«Не хвастаясь, могу сказать, что, когда Володя ударил меня по уху и плюнул мне в лоб, я так его хватил, что он этого не забудет. Уже потом я бил его примусом, а утюгом я бил его вечером. Так что умер он совсем не сразу. Это не доказательство, что ногу я оторвал ему еще днем. Тогда он был еще жив. А Андрюшу я убил просто по инерции, и в этом я себя не могу обвинить. Зачем Андрюша с Елизаветой Антоновной попались мне под руку? Им было ни к чему выскакивать из-за двери. Меня обвиняют в кровожадности, говорят, что я пил кровь, но это неверно: я подлизывал кровяные лужи и пятна — это естественная потребность человека уничтожить следы своего, хотя бы и пустяшного, преступления. А также я не насиловал Елизавету Антоновну. Во-первых, она уже не была девушкой, а во-вторых, я имел дело с трупом, и ей жаловаться не приходится. Что из того, что она вот-вот должна была родить? Я и вытащил ребенка. А то, что он вообще не жилец был на этом свете, в этом уж не моя вина. Не я оторвал ему голову, причиной тому была его тонкая шея. Он был создан не для жизни сей. Это верно, что я сапогом размазал по полу их собачку. Но это уж цинизм обвинять меня в убийстве собаки, когда тут рядом, можно сказать, уничтожены три человеческие жизни. Ребенка я не считаю. Ну хорошо: во всем этом (я могу согласиться) можно усмотреть некоторую жестокость с моей стороны. Но считать преступлением то, что я сел и испражнился на свои жертвы, — это уже, извините, абсурд. Испражняться — потребность естественная, а, следовательно, и отнюдь не преступная. Таким образом, я понимаю опасения моего защитника, но все же надеюсь на полное оправдание».

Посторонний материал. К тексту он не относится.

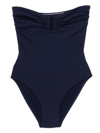 Cassiopee swimsuit Highlights - Navy blue - Bandeau style - Off-shoulder - Be mindful to try on swimwear over your own garments. Made in Italy Composition Polyamide 84%, Elastane 16%
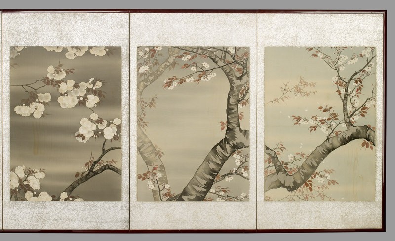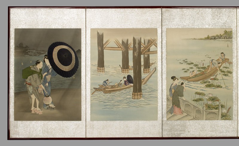 The small size, red-lacquered frame and elegant designs of this screen suggest that they may have been made for a lady’s room. They once belonged to Hirooka Ihei, a well-known Kyoto yūzen silk merchant, who in 1897 pioneered the musen (lineless) yūzen technique. This recreated the soft wash effects of Japanese painting. The designs for these screens were apparently supplied by two celebrated Kyoto painters, Kishi Chikudō (1826-1897) and Mochizuki Gyokusen (1834-1913). (Exhibition number 39)
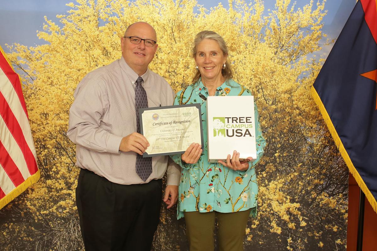 Each year, the State Forest office hosts an event on or around Arbor Day to celebrate trees and the multitude of benefits they provide. It includes a reading of the Arizona Arbor Day proclamation, an awards ceremony for Tree City, Tree Campus, and Tree Line USA, Citizen Forester of the Year, Magnificent 7 Trees, and a commemorative tree planting. On April 24th, 2019 the event was held at the Arizona State Capitol Building in Phoenix. Special thanks to Campus Arboretum Board Member Lori Woods, who attended along with other Campus Arboretum friends and supporters, to receive the award on behalf of the University of Arizona Campus Arboretum.
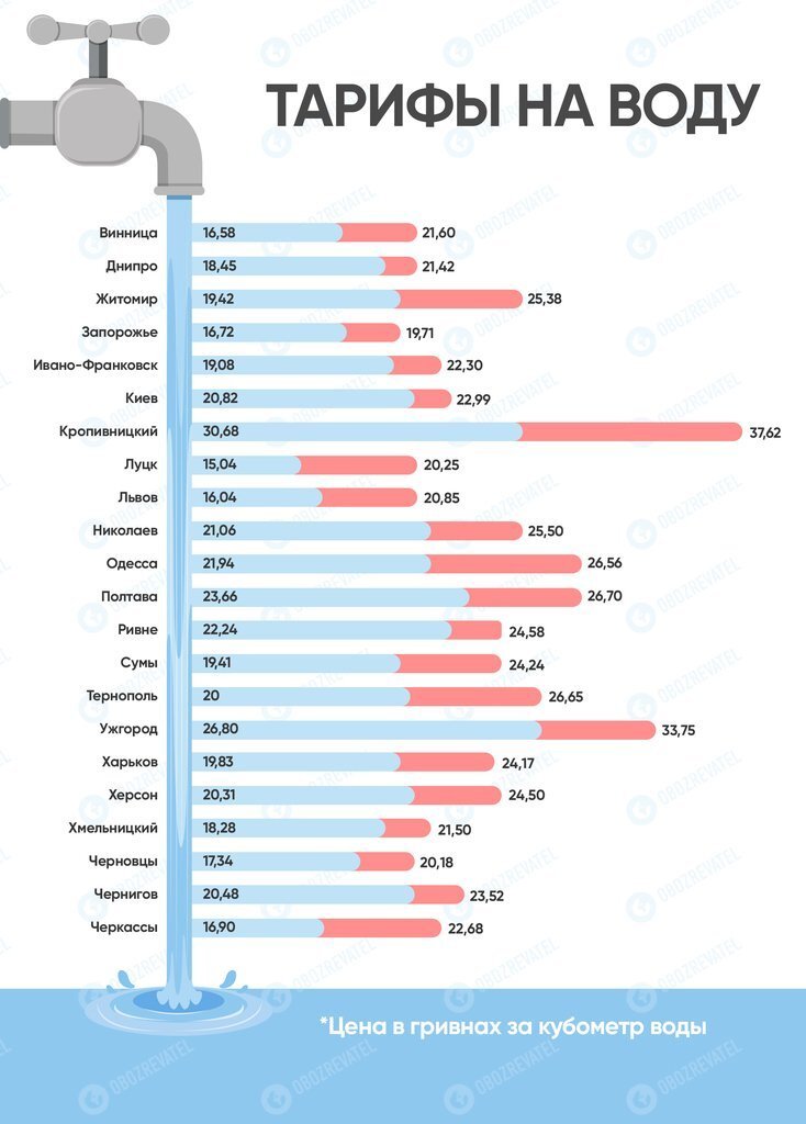 Найбільше доведеться заплатити жителям Кропивницького й Ужгорода, кубометр води тут буде коштувати по 37,62 грн і 33,75 грн відповідно. Найменший тариф буде в Запоріжжі, Чернівцях, Луцьку та Львові – від 19,71 грн за куб. м.

Рассказ построен по принципу нагнетания «ужасов», которые явно диссонируют с нейтрально-спокойным, уверенным тоном повествования. Пожалуй, этот разрыв между событийным рядом и манерой изложения, имитирующей последнее слово на суде человека, искренне не понимающего, в чем его обвиняют, — и есть то главное, ради чего написан рассказ. Очень велик соблазн увидеть в этой абсурдной «логике» отражение того настоящего абсурда, который уже не первый год царил в стране, не сходил со страниц газет и транслировался по радио. Разумеется, это так, но одновременно не следует забывать и о том, что этот текст завершает хармсовский эксперимент по сознательному и планомерному выходу за пределы всех возможных этических конвенций в прозе, — точно так же, как ранее нарушались конвенции эстетические. Пожалуй, после «Реабилитации» дальше идти было уже некуда — прием был полностью исчерпан.
Через 12 дней после написания этого рассказа началась война. Кажется, нет ничего странного в том, что не сохранилось ни одной строчки, написанной Хармсом после 22 июня 1941 года. Учитывая, что практически все бумаги писателя хранились в одном месте и то, что сохранилось, довольно равномерно распределяется по годам, трудно предположить, что почему-то вдруг оказались утраченными именно тексты, написанные за два первых месяца войны. Логичнее будет сделать вывод, что Хармс просто не написал вообще за это время ничего. И этому есть вполне реальное объяснение. Ему было просто не до этого.